Anybody who listens to Israeli spokespeople and pays attention the "facts
on the ground" that the IDF establishes, knows that "pullout" only means
re-deployment. So on the surface, Sharon (Bush's "man of peace") gives the
appearance of meeting some vague "timeline for a pullout," but in reality
simply scoots some tanks out of downtown Ramallah and sends them into
Qalandia Refugee Camp and a small village called Deir Ammad, and imposes
curfew there. This curfew forces all people into their homes, at which
point the IDF conducts house-to-house searches for what they call
"militants" and "terrorists," which is to say all men.
So the tanks are not on the Ramallah streets today, but there's been no
"pullout" and there's only minimal relief here.

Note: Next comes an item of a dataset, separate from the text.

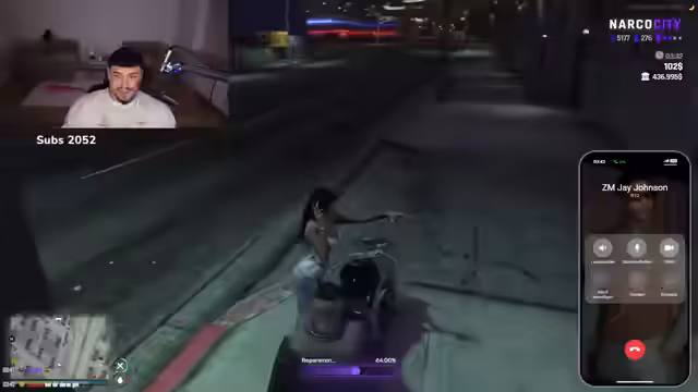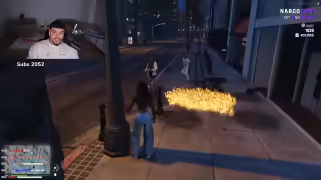 05:44:53Der Streamer und seine Begleiter suchen nach Leuten, um sie in eine Falle zu locken. Sie planen, eine Landmine zu platzieren, um ihre Opfer zu töten. Es kommt zu einer Verfolgungsjagd, bei der das Auto des Streamers beschädigt wird und er es nicht mehr bewegen kann. Er versucht, die Mine zu platzieren, während Jason die anderen in eine Parallelwelt schickt. Die Reifen des Autos brennen, und der Streamer fragt nach einem Medizinskasten. Er identifiziert eine Bewegung als „Sergio Ramos“ und fragt, ob es ein Emote dafür gibt. Eine Frau nimmt ihn mit in ein Rennen, das er als keine gute Idee betrachtet. Er will sie „heimaten“ und macht ein romantisches Armband. Er fragt, ob sie Feuer im Auto mag und ob er ihr Auto ausleihen darf. Die Frau stirbt, und der Streamer trifft auf Samira, die er fälschlicherweise für Valeria hält. Er versucht, sie zu verwirren und fordert sie auf, sein Auto zu klauen. Es kommt zu einem Streit, und der Streamer fragt, ob sie ein Date haben wollen und was sie beruflich macht. Samira arbeitet in einem Stripclub, was zu weiteren Diskussionen führt.
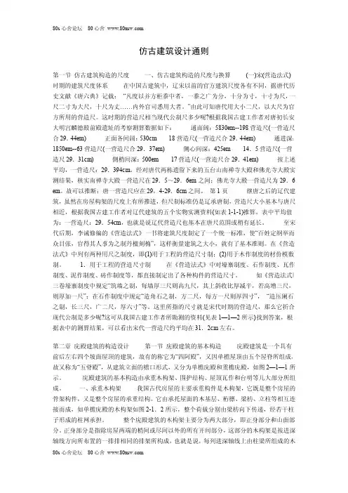仿古建筑设计通则第一节仿古建筑构造的尺度一、仿古建筑构造的尺度与换算(一)宋(营造法式)时期的建筑尺度体系在中国古建筑中,辽宋以前的官方建筑尺度各有不同,据唐代历史文献《唐六典》记载:“凡度以并方柜黍中者,一黍之广为分,十分为寸,十寸为尺,一尺二寸为大尺,十尺为丈……内外官司悉用大者。

Yes, people can go outside
without fear of being shot, but they know their momentary "freedom" comes
at the expense of their neighbors. Besides, some folks aren't exactly
itching to walk out into a city that's been bludgeoned beyond recognition.
"It's too hard to go out," Lutfiye Ziadeh explains, "I weep right on the
street."
The sidewalks are graveyards for rotting garbage and cars crushed by tanks.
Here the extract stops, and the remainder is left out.